7. Şirkette bir deneyim

Pokémon Go sadece sosyal bir uygulama değil, çünkü internet ve sosyal ağlarda modaya uygun. Ayrıca, yalnız bir oyuna başlamanın nedeni de bizi yeni tanıştığımız insanlarla yürümeye zorlayabilir.
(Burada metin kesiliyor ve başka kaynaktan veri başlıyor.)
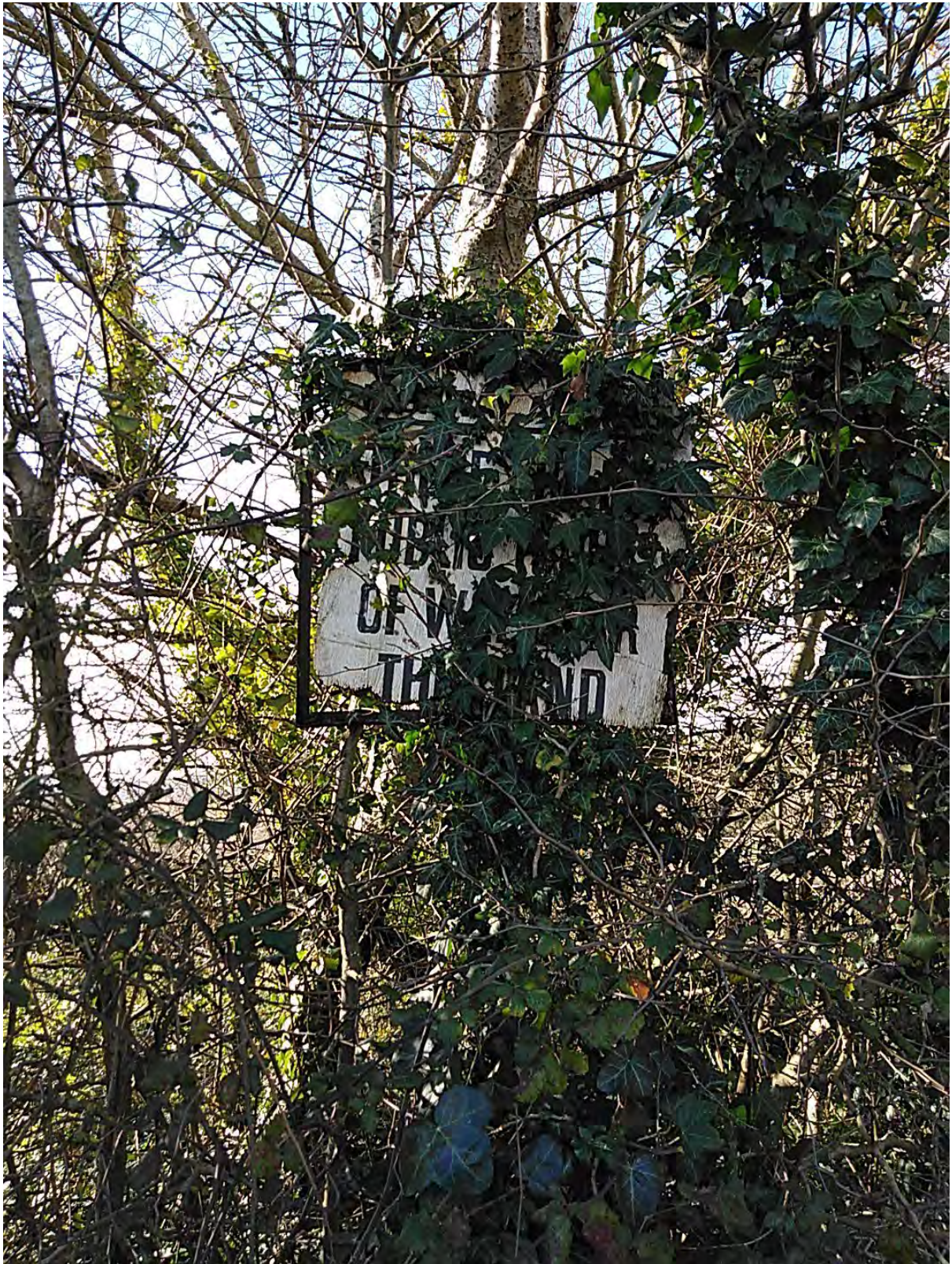
Photograph 16: "no public right of way" sign referred to in photograph 1

İnsanlar Pokémon'u avlamak, parklarda toplanmak, Pokémon Spor Salonlarında buluşmak, birbirlerinin nadir örnekleri bulmalarına yardım etmek için çetelere çıkıyorlar ... Çoğu yetişkin için çocukluğa dönüş, çünkü toplanacak eşyalar değil. Pokémon olun, ancak bu uygulamayla oynamak, parklara giden çocuklar gibi oynamak gibi..

8. moda

Bu günlerde Pokémon Go'nun çekiciliğinin bir kısmı, basitçe, yüz binlerce insanın gezegenin etrafında oynamaya başladıkları. 90'ların sonlarında oynadıkları Pokémon evreni yeniden keşfeden nostaljik bin yıllardan çocuklara ve gençlere Bu, basitçe, birkaç video oyunundan birini tüketmeye karar verdim. oynamak ücretsiz Arkasında iddialı bir reklam kampanyası yapan herkesin, öte yandan, kimseyi dışlamadığı kadar basit ve sığ bir oyuna ilgi duyması için sebepleri var.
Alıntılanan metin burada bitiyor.